Will it strut or stumble? When U.S. forces began to pull out of Baghdad and into suburban bases in 2005, the vacuum was filled by al-Qaeda bombers and armed Shi'ite and Sunni militants, who fought a two-year civil war. Now, however, the main vectors of sectarian violence have been turned back, weakened or co-opted. Although there has been no meaningful political or social reconciliation between the sects, their representatives in parliament have learned to form expedient alliances, which will doubtless continue as the parties jockey for power in post-occupation Iraq.

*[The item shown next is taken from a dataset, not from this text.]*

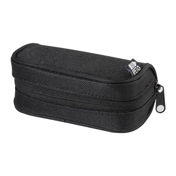 3-częściowy zestaw podróżny w zamykanym na suwak etui z RPET. W zestawie poliestrowy pas bagażowy z 3-cyfrowym zamkiem, etykieta bagażowa z PP i metalowa 3-cyfrowa kłódka do walizki. Poliester 600D RPET, z charakterystyczną metką RPET.
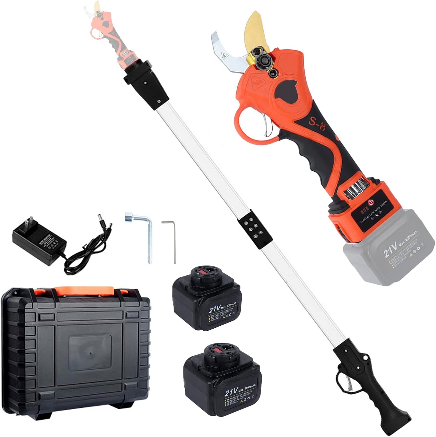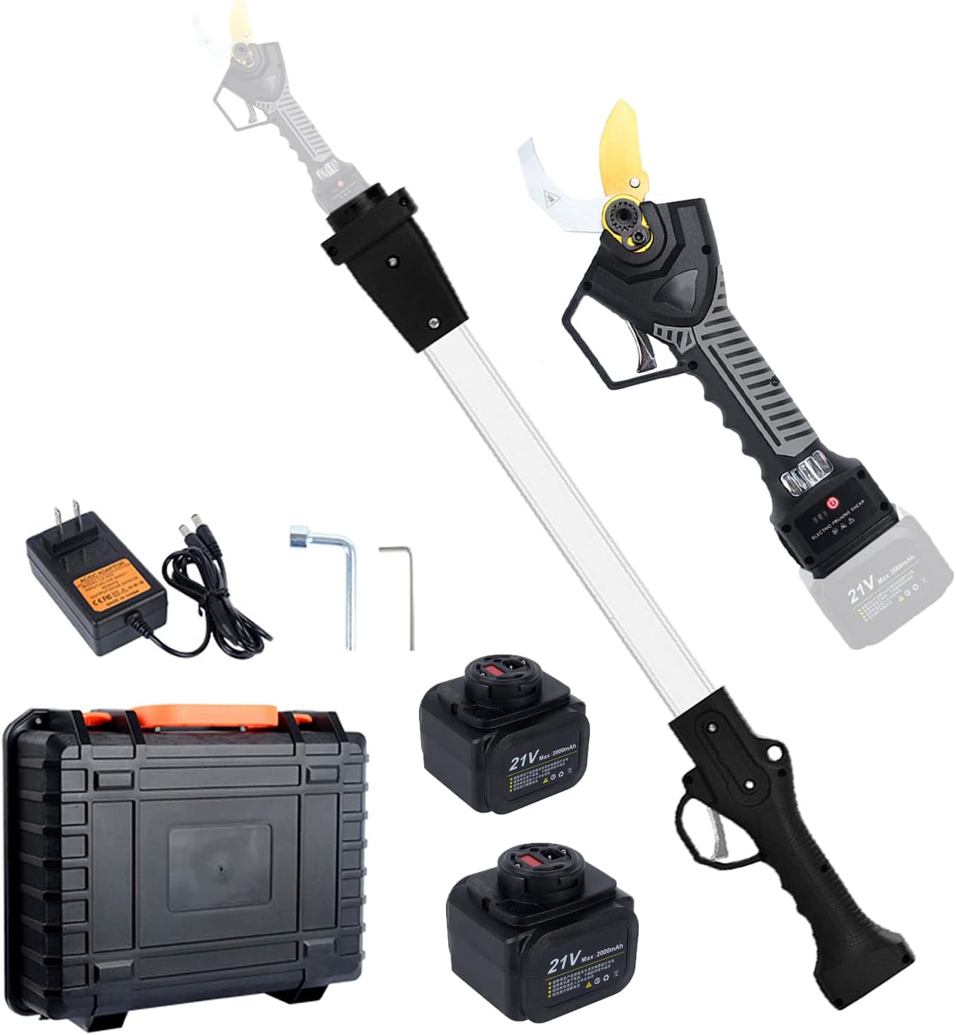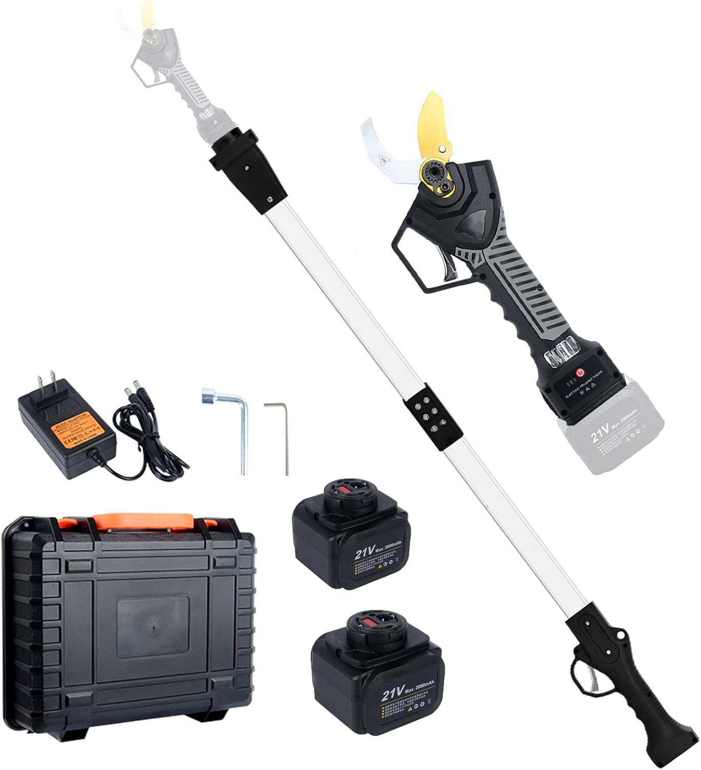 Electric Pruning Shears Professional Cordless Pruner with 81cm/32" Extension Pole, Brushless Electric Tree Trimmer for Gardening with 2 PCS Rechargeable Battery, 40mm/1.6" Cutting Diameter

But don't expect peace to break out anytime soon. In a country seething with ancient animosities, it's almost certain that politics will be attended by violence. Ahead of provincial elections in January, there's a potentially explosive Shi'ite-vs.-Shi'ite clash brewing in the south. In Sunni areas to the west and north of Baghdad, a new alliance of tribal sheiks, many of them U.S.-funded ex-insurgents, are challenging the Sunni parties currently in power.
But it is in Kirkuk where the disputes seem most intractable. At its simplest, this is an old-fashioned turf war. The Kurds want the city and its hinterlands to be folded into the northern province of Kurdistan. Turkomans (a distinct ethnic group sharing ancestry with modern Turks) and Arabs would prefer it to remain outside Kurdish hegemony, in the separate Tamim province. Each group points out that the city was once ruled by its forebears. All know that outside Kirkuk is one of Iraq's largest oil fields. Also at stake is the larger, constitutional question of whether Iraq should have a powerful central government, favored by Turkomans and Arabs, or highly autonomous regions, as the Kurds wish. And finally, there are outside influences: Turkey backs the Turkomans and, with Iran, opposes greater Kurdish power.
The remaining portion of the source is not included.